Rémoras de su pasado glorioso dan muestra los cuadros que aun se conservan en sus paredes. Un par de figuras abstractas, o naturalistas se entremezclan con figuras humanas de renombre. En un lugar destacado está Gardel. Confrontando con su sonrisa, una Piaf estremece. Una foto de Fangio junto a Nicolino. Una noche, el padre borracho tuvo un acto irreflexivo, entró a corear el nombre de Nicolino y no tuvo mejor idea que ir y descolgar el cuadro. Los que estuvieron ahí cuentan que el color amarillo sepia, pintura original de las paredes de El Imperial, contrastaba con el horrible marrón del tiempo, el humo y la mugre de los años que harán que esas paredes ni siquiera tienen una mano de escobillón, de trapo húmedo, una plumereada, nada.
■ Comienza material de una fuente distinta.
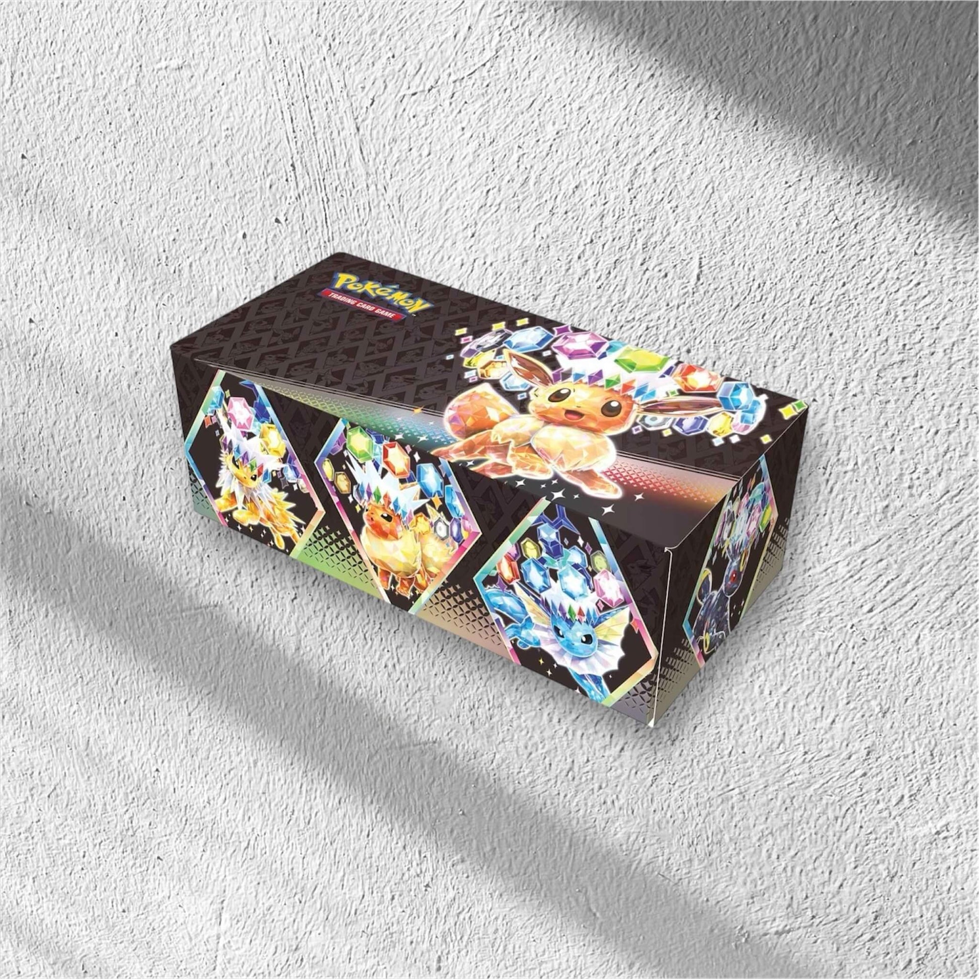 Eevee and its Evolutions all have unique strengths to discover—and they get even more powerful when they appear as Pokémon ex! In this collection, you get one randomly selected foil promo card featuring Eevee or one of its Evolutions as a Stellar Tera Pokémon ex, plus four booster packs from the special Scarlet & Violet—Prismatic Evolutions expansion. Then use the included dividers to organize and store your new cards inside this box!
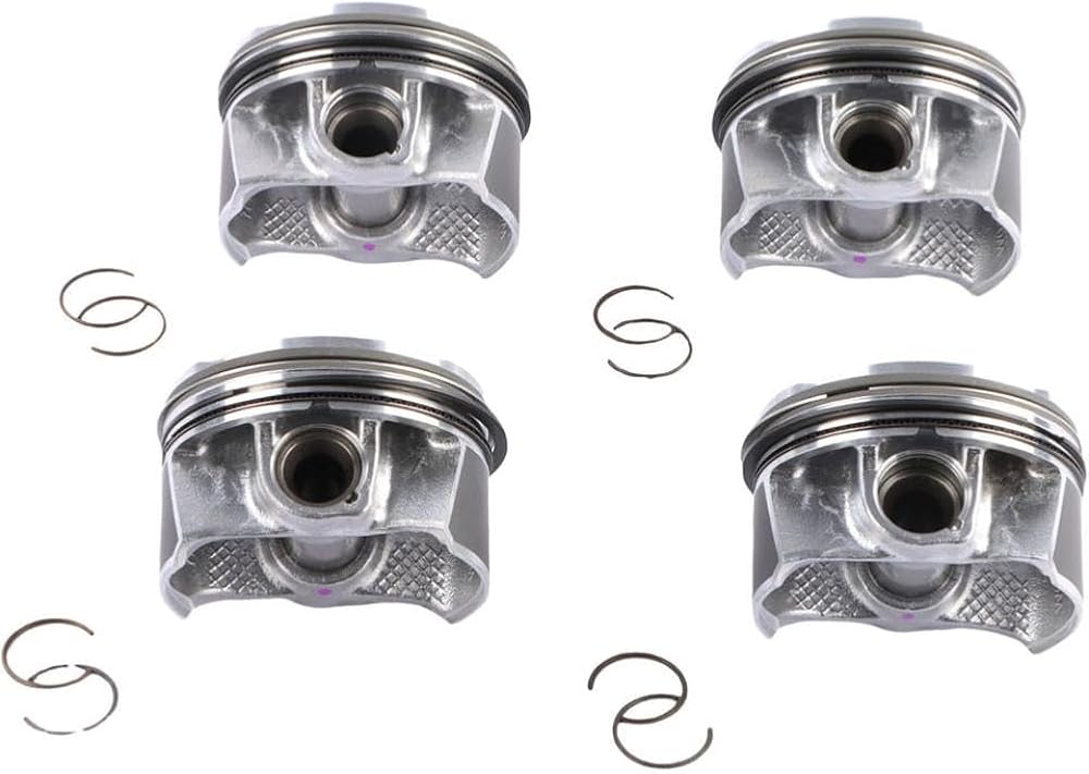 4 x N18 N13 Engine Piston & Ring Set A C STD Ø77mm 11257601181 for R55 R56 R58 R60 118i 4X Countryman Paceman This piston and ring set is designed for vehicles equipped with the N18 N13 engine.It includes four pistons and corresponding rings, each matching a cylinder bore of 77.00 mm and a compression height of 28.5 mm.The land height measures 5.5 mm, with an overall piston length of 51.2 mm.The bolt hole length is 48 mm and the bolt hole diameter is 20 mm.The recess diameter is 34.7 mm. The components are constructed to support performance demands and are engineered to maintain consistent under typical driving conditions.The design allows for direct replacement in compatible models including R55, R56, R58, R60, Countryman, and Paceman variants with the specified engine type.Installation follows standard procedures and does not require specialized tools. This is a compatible aftermarket part.References to brands or models do not imply OEM association.
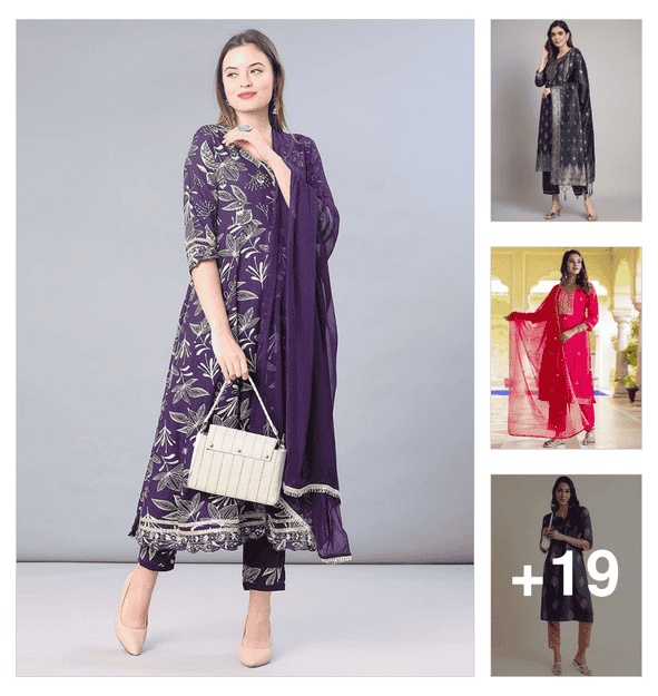 women embroidered three quarter sleeve kurta pant with dupatta set
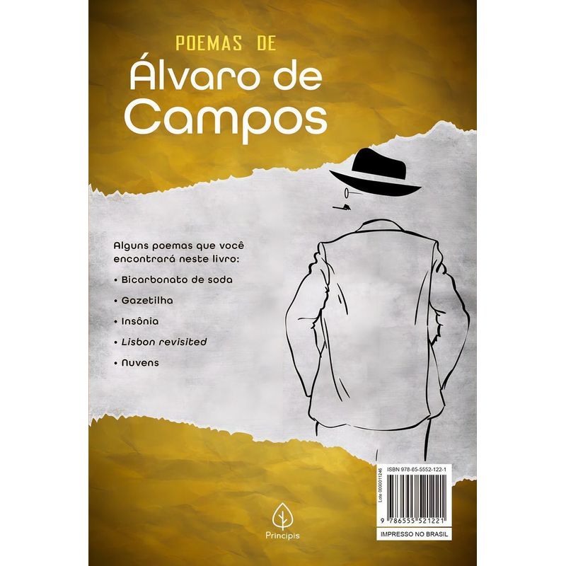 Complexo, enigmático e alter ego de Fernando Pessoa, Álvaro de Campos é o único dos heterônimos que manifestou diferentes fases poéticas. Na decadentista é um jovem cansado e mórbido que foge da realidade por meio do ópio, utiliza aliterações em sua escrita e possui influência de poetas simbolistas. A sua segunda fase é a futurista, em que, com o deslumbre pela civilização moderna e suas máquinas, escreve versos livres e com ausência de pontuação para reforçar a ideia de velocidade. O niilismo impera na última fase, cheia de pessimismo, revolta, frustração e descrença do mundo.
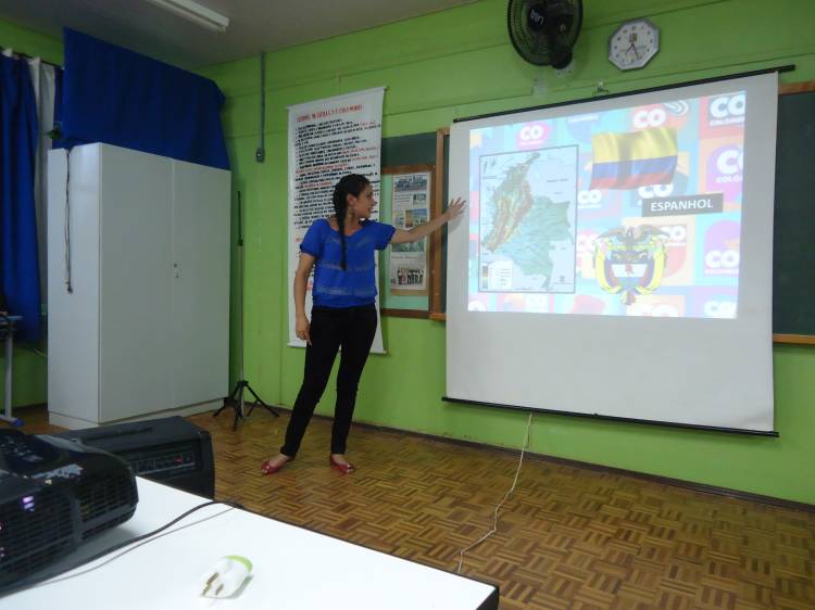 A mestranda em Educação nas Ciências da UNIJUÍ, Natalia Katherine García Ramírez, intercambista da Colômbia/Bogotá, compartilhou experiências sobre a Colômbia aos professores e alunos da Escola Estadual de Ensino Fundamental Chico Mendes, modalidade EJA, no dia 30 de outubro.

Por eso cuando el pibe sacó las fotos desde la vereda, el Héctor se sobresaltó, pensó en algún procedimiento policial, alguna razzia, como las que habían ocurrido años atrás, con muerto y todo. Al verlo entrar se compadeció con el pibe, por el semejante padre que le había tocado en suerte.

El abandono del hospital trajo como coletazo la debacle de El Imperial. Los plátanos que la Coca mandó a plantar en la vereda se desbandaron, sus gruesas raíces rompieron la vereda de baldosas rojas y ya nadie la transita con normalidad. Para entrar hay que trepar por tres escalones de cemento que dejan al desnudo parte de sus ladrillos. La puerta no cierra ni abre con fluidez, se hincha con la humedad y chirria en verano. Alguna vez fue la puerta de entrada a la fiesta, convidaba al buen manjar, un espectáculo gastronómico y de ojos y de oídos, era estar ahí para lucirse y codearse con la crema y nata de la ciudad.

Vientos cruzados pueden dar con tierra con las efigies monumentales, cómo no va caer en desgracia un local que se sostuvo con la buena voluntad y un entorno favorable. Hoy nuestro boliche transita sus días finales. Hay un cartel renovado al frente: se vende este local, con todo el mobiliario, y su llave de negocio.

En la mesa de uno de los ventanales las botellas vacías, las barajas sucias, marcadas, el aire triste en los ojos ya borrachos de los hombres anuncia el final de una noche más. Ya Héctor levanta las sillas sobre las mesas, el Japo apura el cierre. Le niega un nuevo trago: Hora de cierre, repite, mientras apaga las luces de la lámpara central, le dice a Héctor que se vaya, que él se encarga del resto. Los hombres, de mala gana, se levantan, hay un insulto por lo bajo, salen a la noche y la oscuridad termina de llevarse la historia de El Imperial.